I have something like a question for you, maybe related to this. Do
you mind if, while asking it, I do an impression of you, and load my
question down with a lot of expository chatter? Impressions are a form
of flattery. The highest!

The natural numbers categorify to finite sets (is how you would put
it.)
This means that there is a nice way to associate a natural number to a
finite set, and under this association certain operations on finite
sets are...associated...with certain operations on natural numbers.

I learned this in grade school. The reason you (OK, I admit it (but
*I'm* anonymous): we) like to use the word "categorify" when talking
about this is because it gives us a glamorous and mysterious question
to ask about almost any mathematical thing: what does the thing
categorify to? Glamorous because there is a richer theory of the
categorified thing than of the original thing ("finite sets" is short
for "finite sets and functions between them"; these are more
interesting than natural numbers, which are interesting), and
mysterious because the question is hard to answer.
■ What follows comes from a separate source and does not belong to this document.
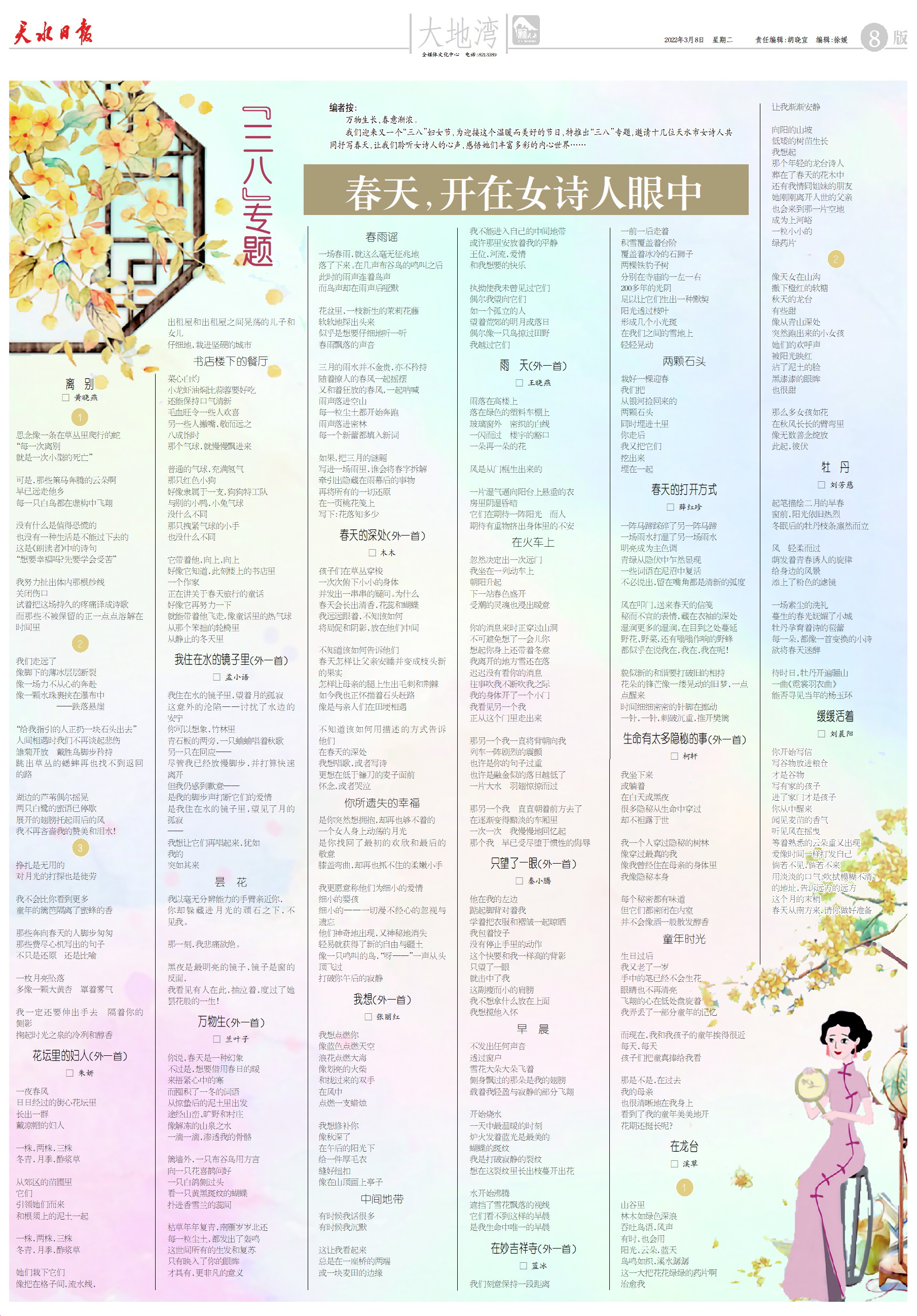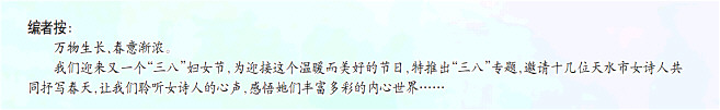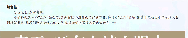 我们迎来又一个“三八”妇女节,为迎接这个温暖而美好的节日,特推出“三八”专题,邀请十几位天水市女诗人共同抒写春天,让我们聆听女诗人的心声,感悟她们丰富多彩的内心世界……

Like, the integers? Is a mathematical thing. What does it categorify
to?

There are probably all kinds of answers to this question, in varying
degrees of half-bakedery. I will sketch the one I know best, which is
my favorite.

The integers are fake! Or, at least, fabricated. You fabricate them
by pretending that you can subtract a big number from a small one. The
idea is to fabricate the categorification of the integers from the
categorification of the natural numbers.

I know how to do this because I read a paper by Graeme Segal called
"categories and cohomology theories". But I have to bamboozle you in
two different ways; the first way is serious, and is what my question
is about. The second isn't, at least if you're a true believer in
infinity-categories.

You're still reading!

The first bamboozle is that I don't actually know how to do this for
"finite sets and functions between them," but only for "finite sets and
bijections between them." The reason is that bijections can be
inverted, and other functions can't be. The reason I care about that
is the second bamboozle.

The second bamboozle is that part of the glamorous, mysterious
hocus-pocus I'm going on about allows me to replace categories where
everything can be inverted with topological spaces. For real!
Basically, I will build the space by giving it, to start, as many
points as there are finite sets. Then I'll draw as many paths between
two points as there are bijections between the sets. Then I will do
whatever's necessary to make sure that the "higher homotopy groups
vanish." A similar thing doesn't work for functions that aren't
bijections, because I don't know how to draw a path you can't invert
(draw backwards).

So now I have a space that I'll call X. It is a satisfactory answer to
the question "what do natural numbers categorify to" if you only care
about bijections and you're a true believer. Now, I'm going to
fabricate what the integers categorify to, by pretending that I can
always subtract one element of X from another.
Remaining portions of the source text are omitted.